Personal information
- Date of birth: 6 June 1986 (age 38)
- Place of birth: Naples, Italy
- Height: 1.84 m (6 ft 0 in)
- Position(s): Left back

Team information
- Current team: Nola

Senior career*
- Years: Team / Apps / (Gls)
- 2003–2006: Sorrento / 52 / (17)
- 2006–2008: Taranto / 46 / (7)
- 2008–2011: Siena / 3 / (0)
- 2009–2010: → Crotone (loan) / 17 / (3)
- 2010–2011: → Benevento (loan) / 27 / (0)
- 2011–2013: Juve Stabia / 55 / (5)
- 2013–2014: Ternana / 26 / (3)
- 2014–2016: Avellino / 45 / (3)
- 2016–2018: Salernitana / 65 / (4)
- 2018–2020: Casertana / 49 / (3)
- 2020–2021: Picerno / 15 / (2)
- 2021–2022: Paganese / 16 / (0)
- 2022–: Nola / 2 / (0)

= Antonio Zito =

Italian footballer (born 1986)

Antonio Zito (born 6 June 1986) is an Italian former footballer who played for Nola.

==Biography==

===Sorrento===
Zito started his career at Sorrento of Serie D. Which is within the province of Naples.

===Taranto===
He then signed by Taranto Sport of Serie C1.

===Siena===
In January 2008, he was signed by Siena of Serie A, along with Manuel Mancini, for €207,000 and €50,000 respectively, which they remained at Taranto until the end of season. Zito made his Serie A debut on 25 January 2009 against Atalanta, substituted Emanuele Calaiò in 84 minute. Zito played the hold second half on 24 May and played the first half at starter on 31 May, the last match of Serie A.

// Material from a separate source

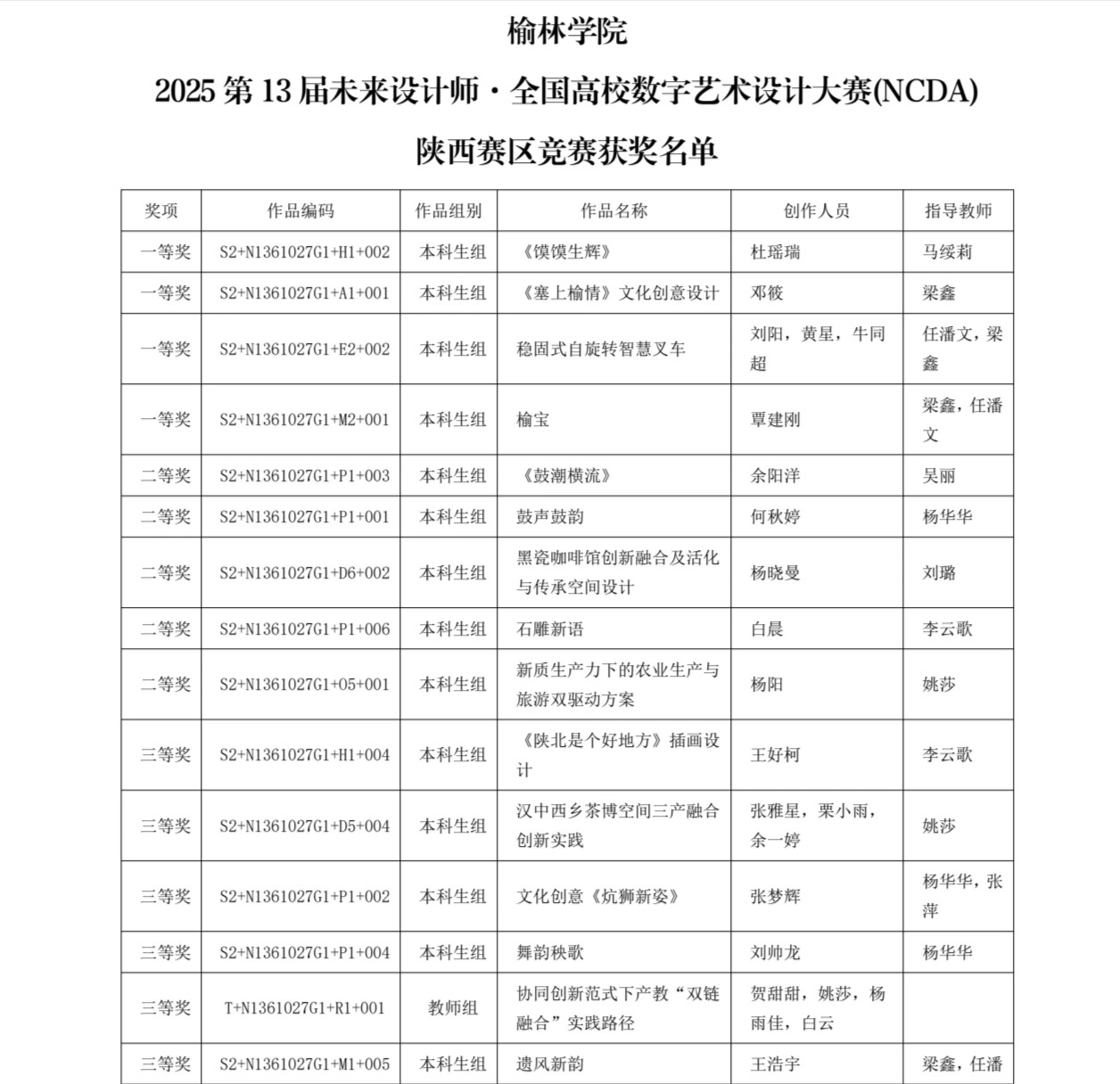 2025年第13届未来设计师·全国高校数字艺术设计大赛(NCDA)陕西赛区结果公布,英国上市公司官网365师生凭借专业实力与创新表现斩获佳绩:本科生组获4项一等奖、5项二等奖、6项三等奖,教师组获1项三等奖。获奖作品涵盖文化创意与数字设计、空间设计、智慧产品设计等领域,既融合陕北地域文化特色,又体现艺术与科技、传统与创新的结合。

In July 2009, he was loaned to Crotone which newly promoted to Serie B, with option to purchase.

===Juve Stabia===
On 6 July 2011 he was released by Siena. Zito joined S.S. Juve Stabia in the same transfer windows.

===Ternana===
On 29 July 2013 he was signed by Ternana.

===Avellino===
On 11 July 2014 he was signed by Avellino in a 3-year contract.

===Salernitana===
On 8 January 2016 Zito was signed by Salernitana in a 2 1/2-year contract.

===Picerno===
On 30 September 2020 he moved to Serie D club Picerno.

===Paganese===
On 18 August 2021, he signed with Paganese.